Each session gets its own sandbox. Filesystem state persists across tool calls, and idle sandboxes can be paused and resumed on demand.

A reference implementation with the orchestrator, runner, and setup scripts is available on GitHub in both Python and TypeScript.

Prerequisites

A Superserve account and API key
An Anthropic account with environments access
Python 3.12+ or Node.js 22+ on the orchestrator host

Create a self-hosted environment

In the Claude Platform Console: Workspace > Environments > New > Self-hosted. Or create one via the API:

import Anthropic from "@anthropic-ai/sdk"

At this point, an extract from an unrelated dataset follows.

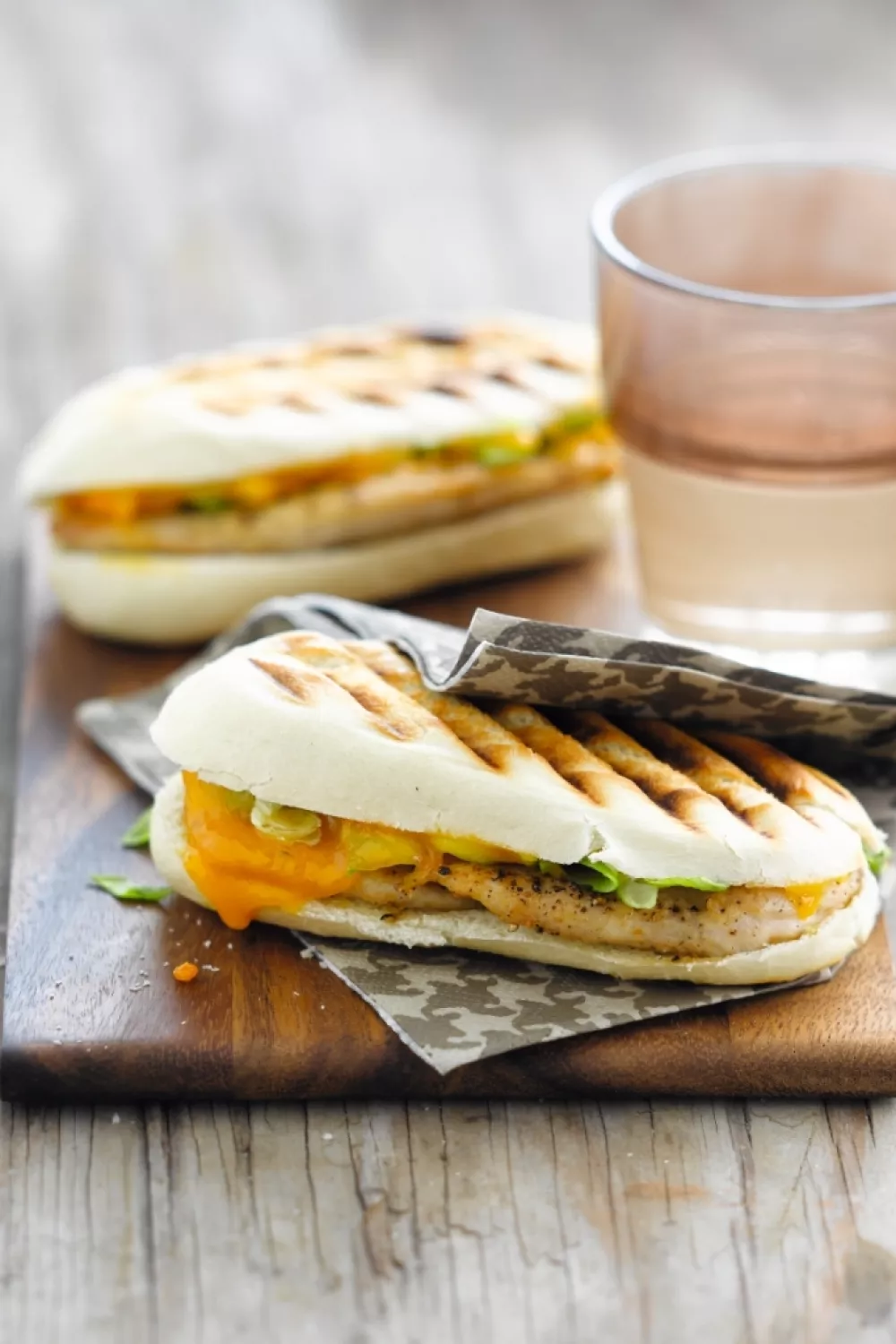 Een warme panini met goudbruin gegrild stokbrood, gesmolten cheddar en malse kipfilet op een bedje van frisse lente-ui en aromatische dragon. Deze snelle grillpan klassieker is perfect als doordeweekse lunch of zomerse picknick en combineert romige kaas met hartige kip en kruidige dragon. Simpel te bereiden en ideaal voor gezellige maaltijden of een snelle borrelhap.

const client = new Anthropic()
const environment = await client.beta.environments.create({
  name: "superserve",
  config: { type: "self_hosted" },
})
console.log(environment.id)

import anthropic

client = anthropic.Anthropic()
environment = client.beta.environments.create(
    name="superserve",
    config={"type": "self_hosted"},
)
print(environment.id)

Open the environment in the Console and click Generate environment key. Export these values on the host where your orchestrator will run:

export ANTHROPIC_ENVIRONMENT_KEY="sk-ant-oat01-..."
export ANTHROPIC_ENVIRONMENT_ID="env_..."
export SUPERSERVE_API_KEY="ss_live_..."

Create your agent. The same definition works for both cloud and self-hosted - the environment is chosen per session.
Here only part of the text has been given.